Fig 1.
Wide-field imaging system for an awake head-restrained mouse.
(A) Simplified schematic of the endoscope imaging system. The blue line indicates the illumination pathway and the green line indicates the light collection pathway. Illumination light from a blue LED was collected with a condenser lens, passes through an excitation filter, reflects off a dichroic mirror, and irradiated through an objective lens. The fluorescence image was focused on a CMOS camera. (B) Image of the endoscope system. (C) Schematic of experimental setup showing the chronic window implant above the dentate gyrus. (D) Point spread function of the imaging setup with (lower) and without (upper) the cannula. Lateral (center) and axial (right) intensity line profiles across a 0.5 μm fluorescent bead (black dots) were shown. The read lines indicate Gaussian fits.
Fig 2.
(A) View from start point of the virtual linear track. (B) Top view of the track. Scale bar, 10 cm.
Fig 3.
Imaging the dentate gyrus in behaving mice.
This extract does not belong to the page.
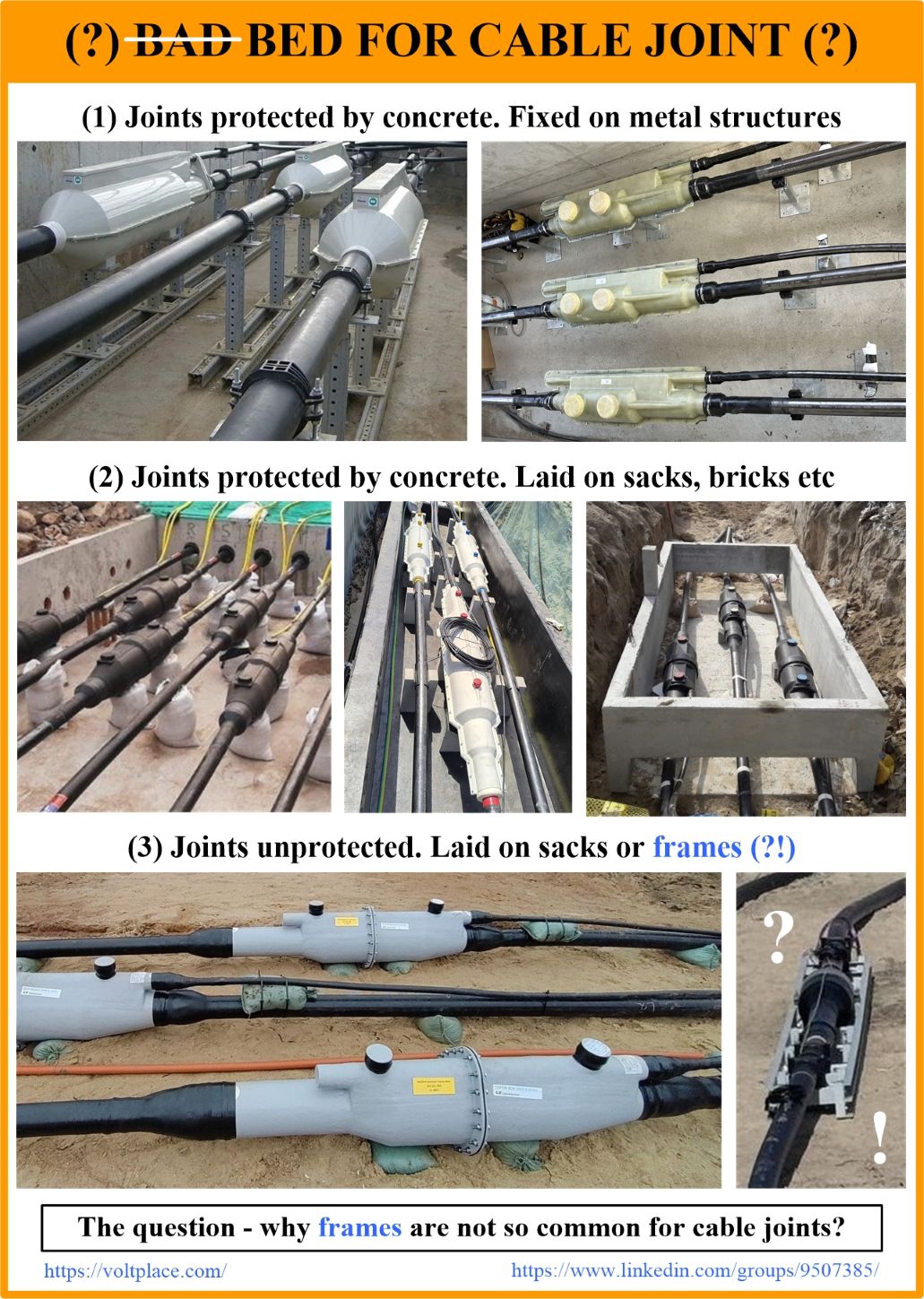 The frame seems to be a good way to provide a flat base for the cable joint and a horizontal cable entry into the joint. I wonder why mounting frames are almost not found on MV-HV cable lines?

(A) Averaged fluorescence images across entire recording session. Scale bar, 100 μm. (B) Contours of putative cell bodies identified with a PCA and ICA-based cell sorting algorithm (Cellsort 1.0, Mukamel et al., 2009). Scale bar, 100 μm. (C) Traces of dF/F calcium signal were shown. Identified calcium transients are shown as red dots. The position of the mouse along the virtual track is shown at the bottom. Animal position and speed in the virtual track was shown in the bottom.